**TASK STATEMENT**: Give back the full listing, character for character, with no pictures.

**DATA SHOWN**:
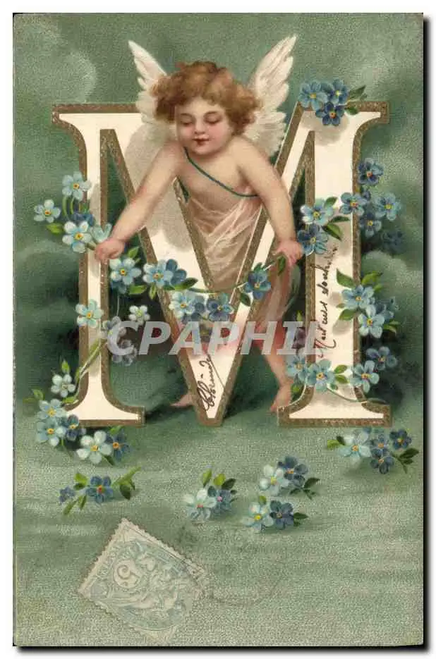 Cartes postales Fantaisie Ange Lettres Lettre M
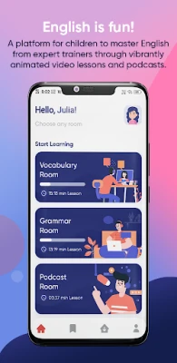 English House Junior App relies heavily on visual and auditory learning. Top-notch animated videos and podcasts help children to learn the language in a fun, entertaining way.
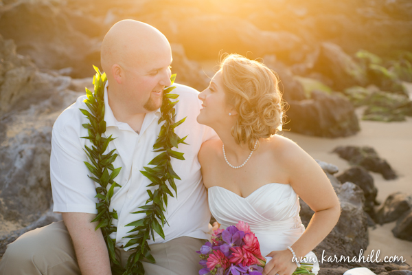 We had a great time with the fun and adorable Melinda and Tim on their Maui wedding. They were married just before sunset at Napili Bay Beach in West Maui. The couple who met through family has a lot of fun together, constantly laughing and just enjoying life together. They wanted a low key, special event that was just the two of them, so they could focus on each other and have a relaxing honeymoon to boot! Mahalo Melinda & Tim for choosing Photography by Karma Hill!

**EXERCISE ANSWER**:
 Cartes postales Fantaisie Ange Lettres Lettre M
 English House Junior App relies heavily on visual and auditory learning. Top-notch animated videos and podcasts help children to learn the language in a fun, entertaining way.
 We had a great time with the fun and adorable Melinda and Tim on their Maui wedding. They were married just before sunset at Napili Bay Beach in West Maui. The couple who met through family has a lot of fun together, constantly laughing and just enjoying life together. They wanted a low key, special event that was just the two of them, so they could focus on each other and have a relaxing honeymoon to boot! Mahalo Melinda & Tim for choosing Photography by Karma Hill!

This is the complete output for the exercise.